On 11.08.2021 15:42, Robert Foss wrote:
> On Wed, 11 Aug 2021 at 11:41, Robert Foss <[email protected]> wrote:
>> Hey Marek,
>>
>> Thanks for testing this.
>>
>> On Wed, 11 Aug 2021 at 09:48, Marek Szyprowski <[email protected]> wrote:
>>> On 10.08.2021 12:33, Robert Foss wrote:
>>>> vfe->ops->hw_version(vfe) being called before vfe->base has been assigned
>>>> is incorrect and causes crashes.
>>>>
>>>> Fixes: b10b5334528a9 ("media: camss: vfe: Don't read hardware version needlessly")
>>>>
>>>> Reported-by: Linux Kernel Functional Testing <[email protected]>
>>>> Signed-off-by: Robert Foss <[email protected]>
>>> With this patch applied on top of linux next-20210810 instead of the
>>> NULL pointer dereference I get following error on DragonBoard410c while
>>> loading kernel modules:
>>>
>>> [ 18.480608] qcom-venus 1d00000.video-codec: Adding to iommu group 1
>>> [ 18.536167] qcom-camss 1b0ac00.camss: Adding to iommu group 2
>>> [ 18.600373] Internal error: synchronous external abort: 96000010 [#1]
>>> PREEMPT SMP
> After testing this patch + linux-next[1] I'm not able to replicate the
> 'Internal error' above on the db410c.
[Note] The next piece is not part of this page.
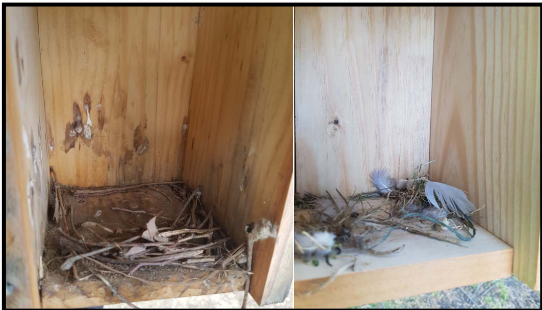
Fotografía 9. Caja Nido con APORTES, con aportes de materia vegetal.

1.- APORTES (Fotografía 9). Si en la caja nido se encontraban Aportes, como trozos de vegetación, pelusas algodonosas, acículas de pino, plumas o plumón, pelos de perro, humano o conejo, etc. Eso significa que han entrado al nido, han considerado la posibilidad de construir un nido en el interior de la caja, puesto que han realizado aportes, pero luego no han continuado por diversas razones. Por ejemplo, ausencia o muerte de pareja o han encontrado una caja posteriormente que, por su nidotópica, les ha gustado más, o han visto que, por su cercanía a carreteras o bancos utilizados a menudo por humanos, había muchas molestias, etc. También es posible que la densidad de reproductores sea baja y han probado varias cajas antes de decidirse por una en concreto.

And I don't think it is related
> to this patch.
>
> Are you seeing the same error on [1]? And are you seeing it before the
> b10b5334528a9 ("media: camss: vfe: Don't read hardware version
> needlessly") patch?

I've checked once again on your branch. Yes, it is fully reproducible on
my DragonBoard410c. On your branch I get the above synchronous external
abort, while without your last patch I get Null ptr dereference.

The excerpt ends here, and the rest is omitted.